A. I really did find that surprising because Google and Facebook are not necessarily known for being conservative when it comes to new data uses. I think part of it is that they were big companies who’d come under a lot of scrutiny for privacy abuses in the past. So I think they were a little bit more careful and worried about the legal and regulatory risk of releasing such radical technology. I also think that they were worried about the technology. Google’s CEO Eric Schmidt at the time back in 2011 said it was the one technology that Google developed and did not release. It was interesting to me in this recent news cycle about generative AI that Google made the same decision with generative AI. Again, they had developed something like ChatGPT, and they thought, ‘I don’t think the world’s ready for this yet.’
Q. Do you think we are heading towards a hyper-vigilant society?
A. We do live in this world of cameras everywhere, but we do not have facial recognition running on those cameras. And I think that’s a big step to take or to avert. And you’re seeing it right now. This is the debate right now in Europe: should we have real-time facial recognition? What if somebody — a child — gets kidnapped or you have a fugitive on the loose? Should we be able to find that person in real time? And once you set up that infrastructure, it means that it could be used in all kinds of other ways. It’s a big step to take and we could choose not to take that step and preserve some privacy, preserve the ability to have autonomy as you move through the world without being tracked all the time. I do think we can still decide and not have this be a world in which we’re tracked by face all the time, every time we leave our houses. And it’s a decision to make right now.
Q. How do we draw the line between appropriate and inappropriate use of facial recognition?
A. I think one big question right now is retroactive versus proactive. Do you use it to solve a crime that’s already been committed, or are you using this to try to prevent crimes or find people in real time? And that’s a big divide that we’re navigating right now. And it feels like the line that we’ve driven in the United States is it’s okay to use it for security purposes. So, if you’re a police [officer], you can use it to solve crimes. If you’re a business, you can use it to try to identify shoplifters and kick them out. And it’s anything outside of security that tends to make people feel more uncomfortable and worried.

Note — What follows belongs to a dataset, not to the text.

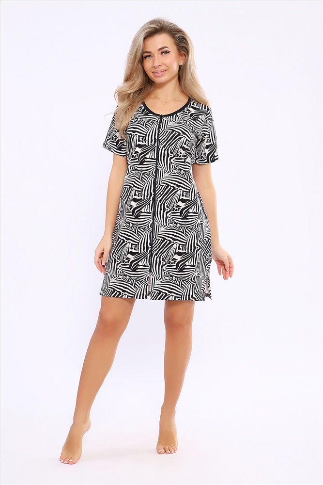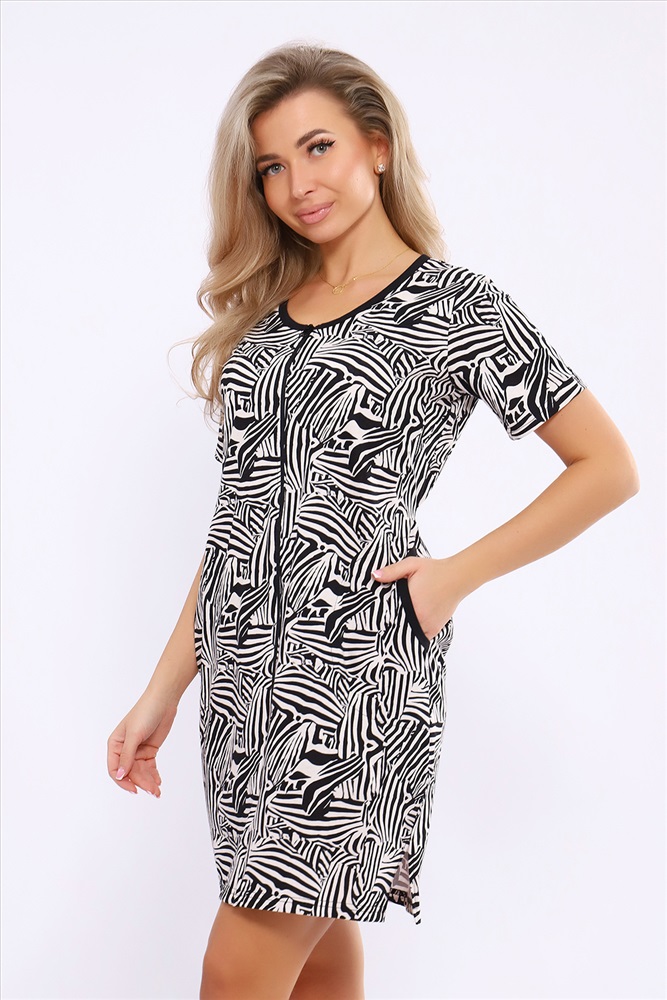 Воротник: без воротника Женский халатик модной расцветки выполнен из 100% хлопчатобумажной ткани, что обеспечивает максимальный комфорт при ношении. Отличается мягкостью и приятной на ощупь текстурой. Материал прекрасно дышит. Носить такой халатик Вы сможете как летом, так и в любой другой сезон. Надёжный замок на молнии сохраняет свои свойства в течении всего времени использования. Женственный вырез и 2 боковых кармана добавляют образу шарм и делают изделие удобным и практичным. А изысканный поясок подчеркнёт вашу талию. Халатик средней длины подойдёт для любого типа фигуры. Отличная модель для дома, для роддома, после родов, для кухонных дел и хозяйственной уборки, для дачи. И конечно идеально после душа, сауны, бани и ванной. А так же будет замечательным подарком на любой праздник: 14 февраля, день рождения, 8 марта. Рекомендуется стирать в деликатном режиме 30 С. Это поможет избежать деформации и сохранить яркость цвета.

Q. Do you think the public will get used to and tolerate this technology?
A. I think part of what will happen is that we’ll have use cases, and we’ll see how comfortable people are with them. It was quite shocking here when you had Madison Square Garden start stopping lawyers at the door and turning them away because they worked for firms that sued them. I think all of a sudden people realized, wow, facial recognition technology could be used in this very alarming way to punish people for who they work for or what they do. And there was this period of time when people were being recorded all the time on film calls. At the White House there’s all these tapes of Richard Nixon making his plans for Watergate, and it’s all recorded because he was secretly recording all of his conversations. And people were really alarmed by that. They said, I don’t want to fear all the time that everything I say is being recorded, and so we passed laws that made that illegal and made eavesdropping illegal and wiretapping illegal except if police have special court orders to do it. And it’s why all these cameras that we have all around the country, all around the world, are only recording video and not sound because we decided that we didn’t want to live in a world in which everything you say is recorded. And I’m thinking that we’ll go the same way with our faces.